Exercise:
Note on the material below: return exactly the lines from the line that holds "E:\mysql\mysql-5.6.26-winx64\bin>mysql-uroot -p –hlocalhost" through the line that holds "Designed with the", and leave out each picture.

Records supplied:
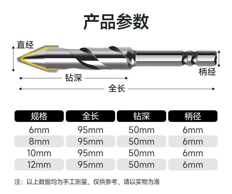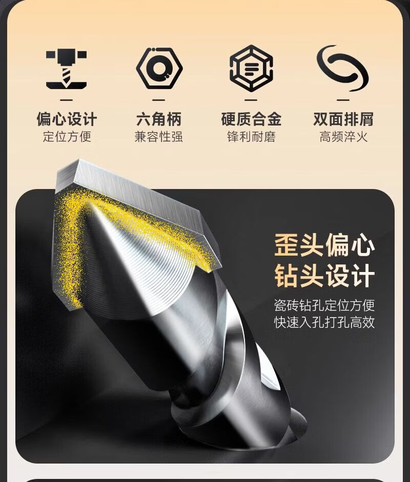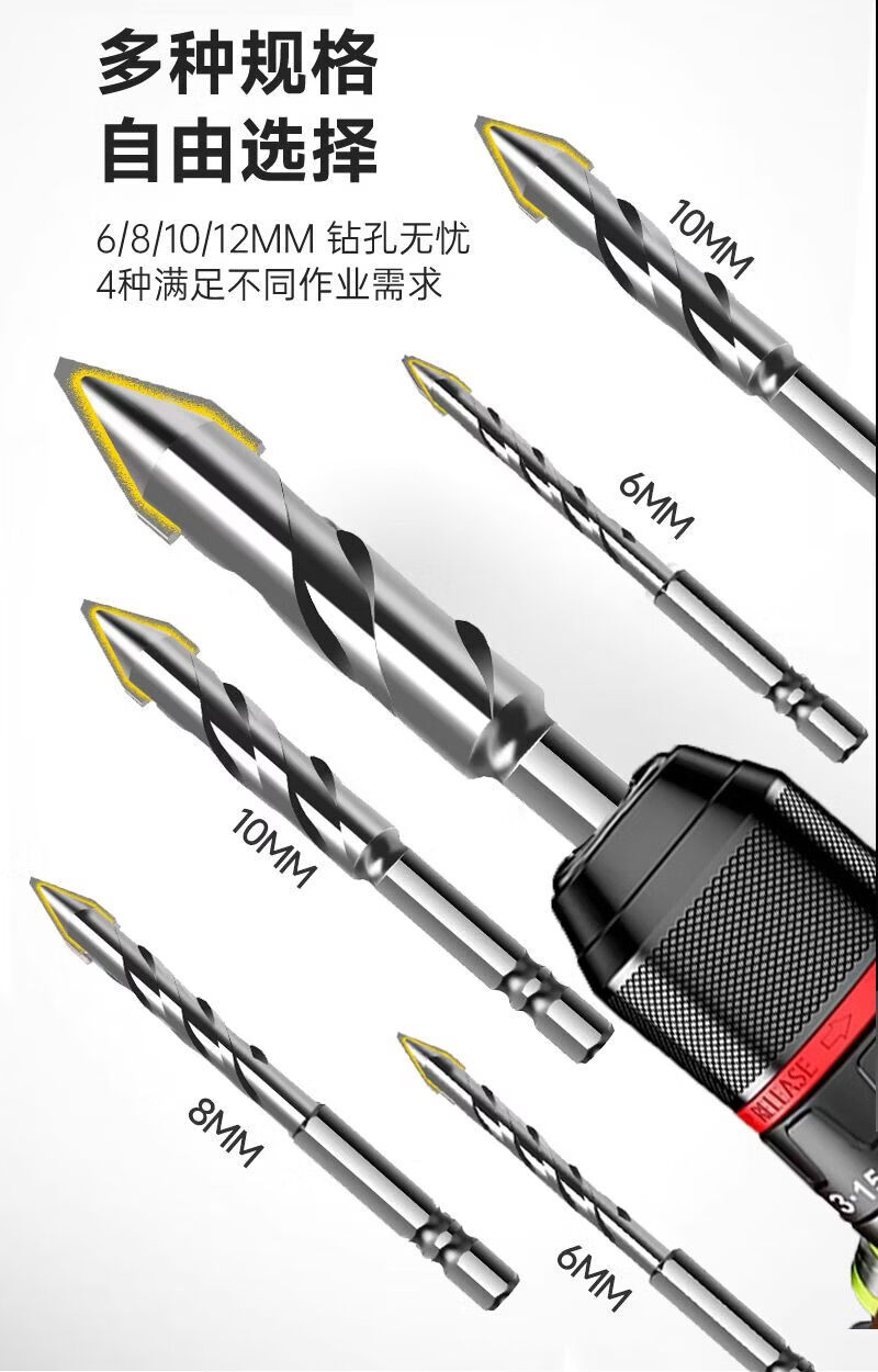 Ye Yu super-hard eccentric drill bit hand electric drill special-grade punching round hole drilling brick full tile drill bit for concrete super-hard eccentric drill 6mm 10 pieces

==

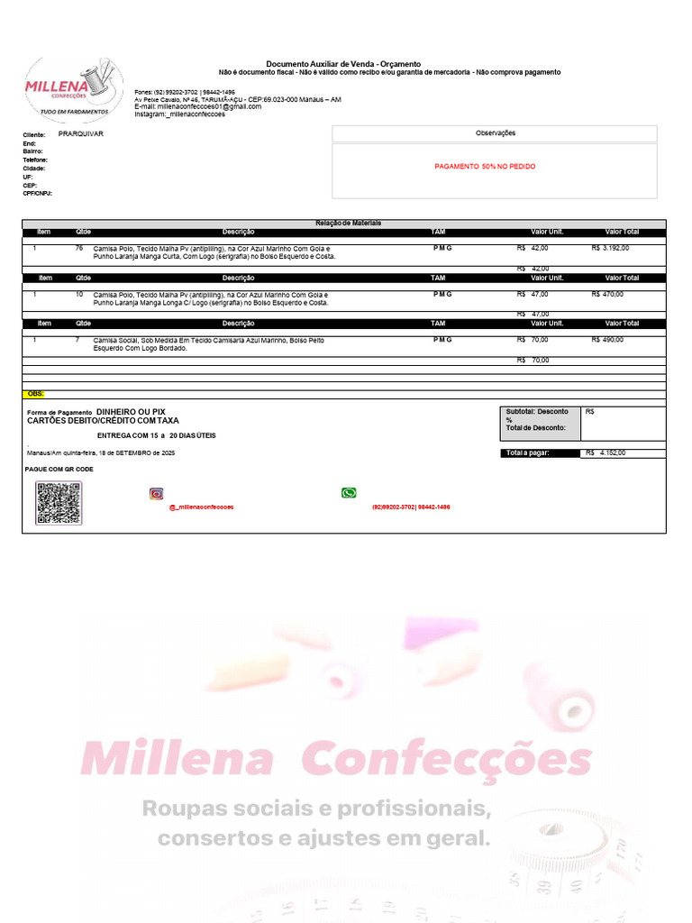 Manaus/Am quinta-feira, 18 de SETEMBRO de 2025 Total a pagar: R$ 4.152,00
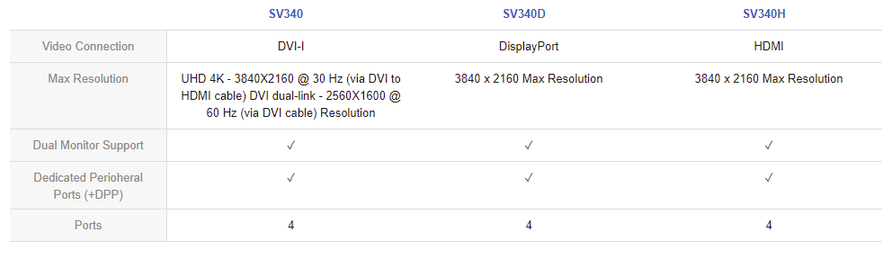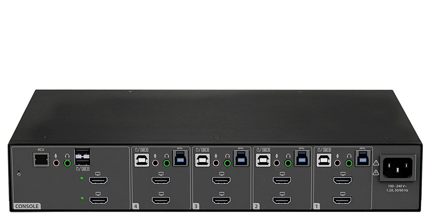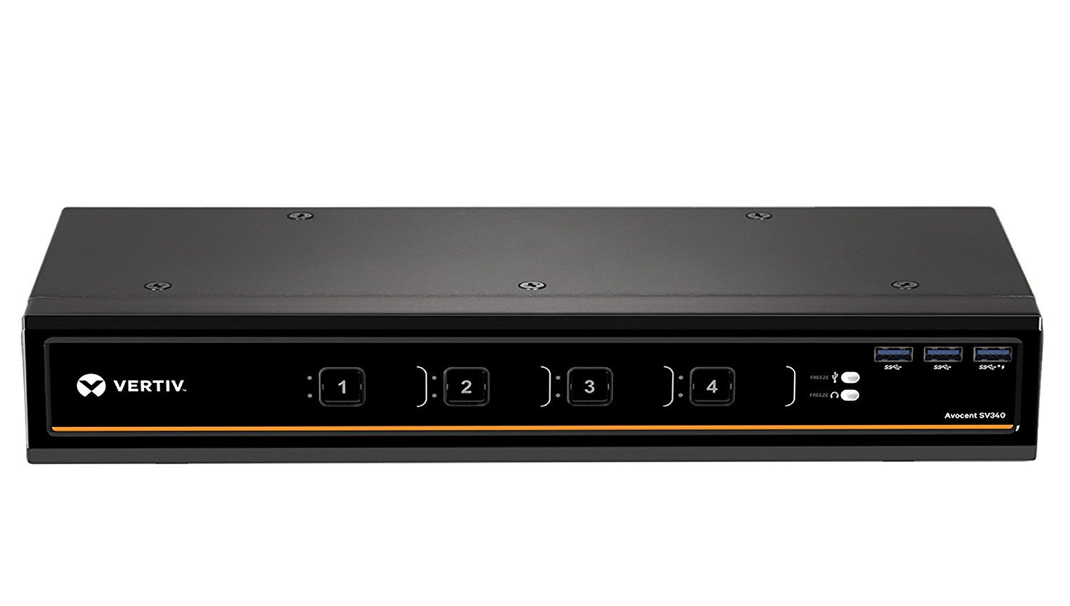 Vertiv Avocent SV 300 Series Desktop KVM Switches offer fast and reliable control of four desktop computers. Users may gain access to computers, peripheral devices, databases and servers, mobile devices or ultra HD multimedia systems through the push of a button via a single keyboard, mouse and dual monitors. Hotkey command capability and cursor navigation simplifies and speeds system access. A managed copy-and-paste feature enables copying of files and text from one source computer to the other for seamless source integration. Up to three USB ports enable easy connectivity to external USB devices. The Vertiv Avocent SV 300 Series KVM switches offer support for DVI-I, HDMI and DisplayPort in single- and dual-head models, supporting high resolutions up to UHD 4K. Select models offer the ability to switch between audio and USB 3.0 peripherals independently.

...

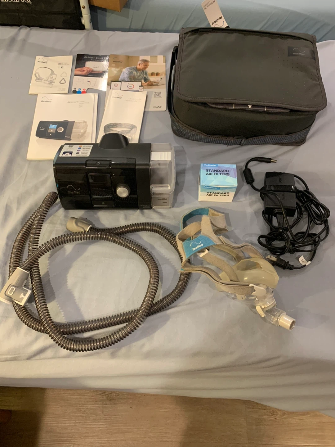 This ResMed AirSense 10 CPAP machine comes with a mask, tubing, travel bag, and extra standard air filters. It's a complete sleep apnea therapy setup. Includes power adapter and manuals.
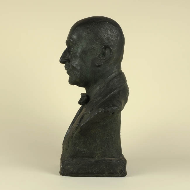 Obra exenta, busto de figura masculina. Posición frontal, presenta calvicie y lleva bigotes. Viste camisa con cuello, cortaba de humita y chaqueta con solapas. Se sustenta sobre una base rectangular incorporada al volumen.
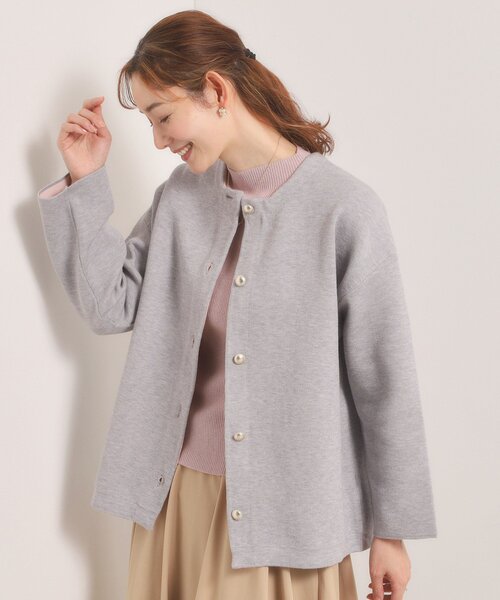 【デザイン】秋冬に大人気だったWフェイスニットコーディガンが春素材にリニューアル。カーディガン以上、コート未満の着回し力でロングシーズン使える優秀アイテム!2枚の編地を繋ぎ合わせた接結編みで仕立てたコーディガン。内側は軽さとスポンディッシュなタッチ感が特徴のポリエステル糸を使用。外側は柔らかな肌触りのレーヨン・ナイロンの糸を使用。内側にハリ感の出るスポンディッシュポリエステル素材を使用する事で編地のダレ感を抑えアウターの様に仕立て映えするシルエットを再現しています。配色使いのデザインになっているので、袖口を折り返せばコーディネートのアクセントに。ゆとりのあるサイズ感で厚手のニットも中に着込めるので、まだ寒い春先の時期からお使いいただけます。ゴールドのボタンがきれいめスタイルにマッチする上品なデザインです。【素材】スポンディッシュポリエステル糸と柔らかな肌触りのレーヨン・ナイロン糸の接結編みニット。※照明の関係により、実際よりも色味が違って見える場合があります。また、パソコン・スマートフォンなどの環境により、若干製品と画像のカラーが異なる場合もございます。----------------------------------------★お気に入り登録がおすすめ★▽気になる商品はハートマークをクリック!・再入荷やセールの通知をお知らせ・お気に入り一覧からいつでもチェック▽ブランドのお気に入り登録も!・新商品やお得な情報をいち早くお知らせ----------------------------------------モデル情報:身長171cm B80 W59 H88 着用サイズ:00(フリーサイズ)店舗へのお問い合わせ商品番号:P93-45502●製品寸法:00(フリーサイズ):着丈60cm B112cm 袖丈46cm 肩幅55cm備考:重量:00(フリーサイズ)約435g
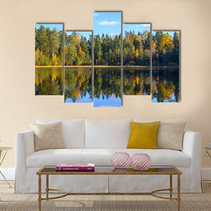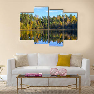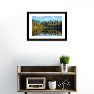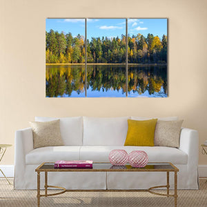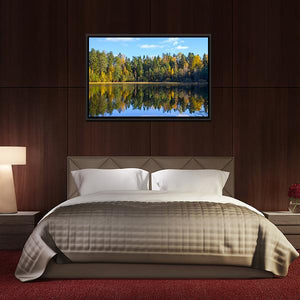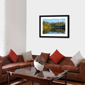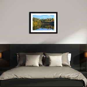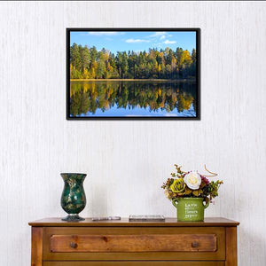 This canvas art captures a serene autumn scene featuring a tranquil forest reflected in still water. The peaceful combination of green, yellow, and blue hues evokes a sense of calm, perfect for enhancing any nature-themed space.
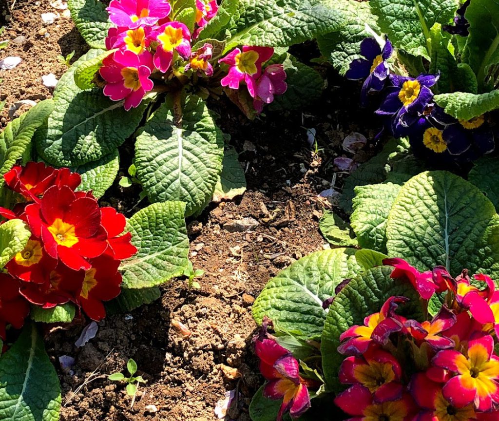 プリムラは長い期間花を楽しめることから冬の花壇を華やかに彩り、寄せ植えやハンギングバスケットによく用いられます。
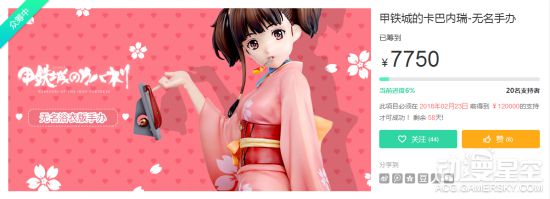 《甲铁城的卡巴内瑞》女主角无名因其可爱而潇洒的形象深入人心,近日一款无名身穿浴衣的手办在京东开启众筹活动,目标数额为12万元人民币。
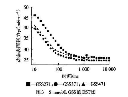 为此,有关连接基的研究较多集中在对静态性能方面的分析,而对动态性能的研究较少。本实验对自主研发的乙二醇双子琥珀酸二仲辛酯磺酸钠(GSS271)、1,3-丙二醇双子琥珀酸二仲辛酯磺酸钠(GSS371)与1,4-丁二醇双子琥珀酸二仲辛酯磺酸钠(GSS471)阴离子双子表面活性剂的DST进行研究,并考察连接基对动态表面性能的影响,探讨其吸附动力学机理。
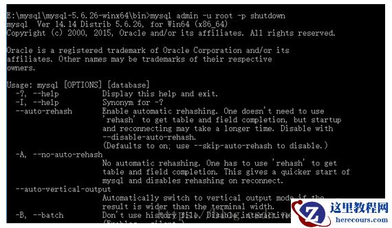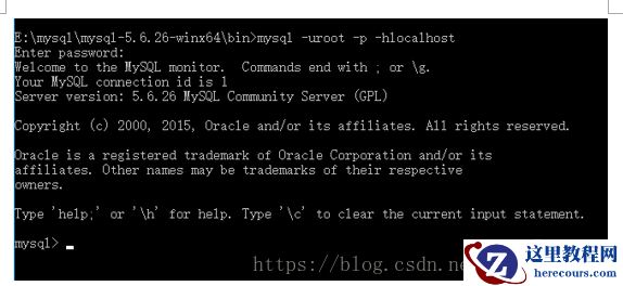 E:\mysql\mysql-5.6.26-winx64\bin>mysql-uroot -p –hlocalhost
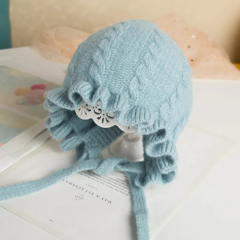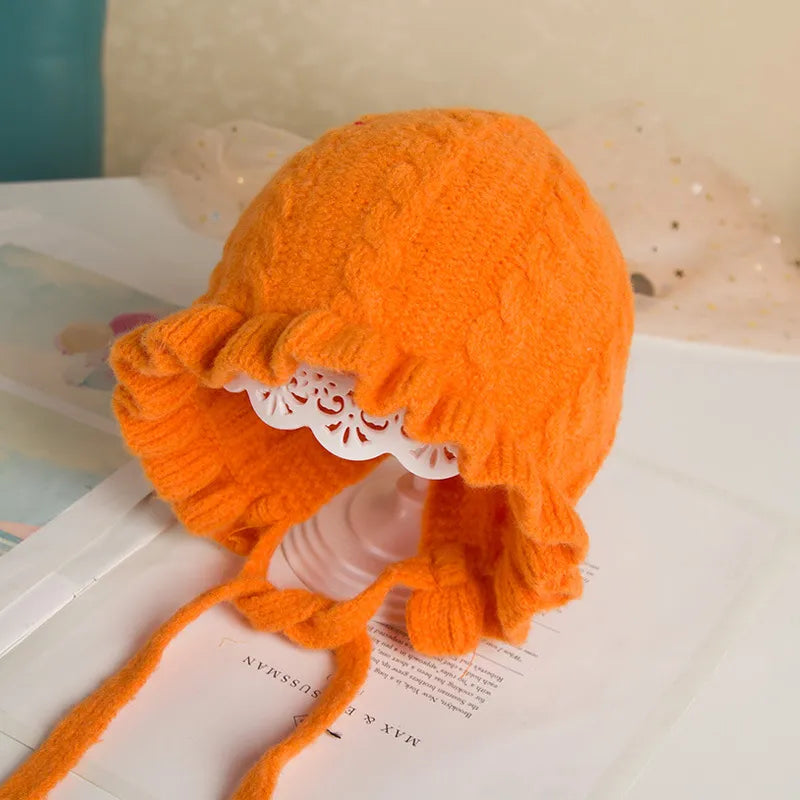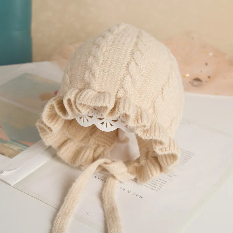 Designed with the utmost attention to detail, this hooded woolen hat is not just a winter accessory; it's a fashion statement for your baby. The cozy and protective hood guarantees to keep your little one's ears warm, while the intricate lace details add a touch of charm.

Answer space:
 E:\mysql\mysql-5.6.26-winx64\bin>mysql-uroot -p –hlocalhost
 Designed with the utmost attention to detail, this hooded woolen hat is not just a winter accessory; it's a fashion statement for your baby. The cozy and protective hood guarantees to keep your little one's ears warm, while the intricate lace details add a touch of charm.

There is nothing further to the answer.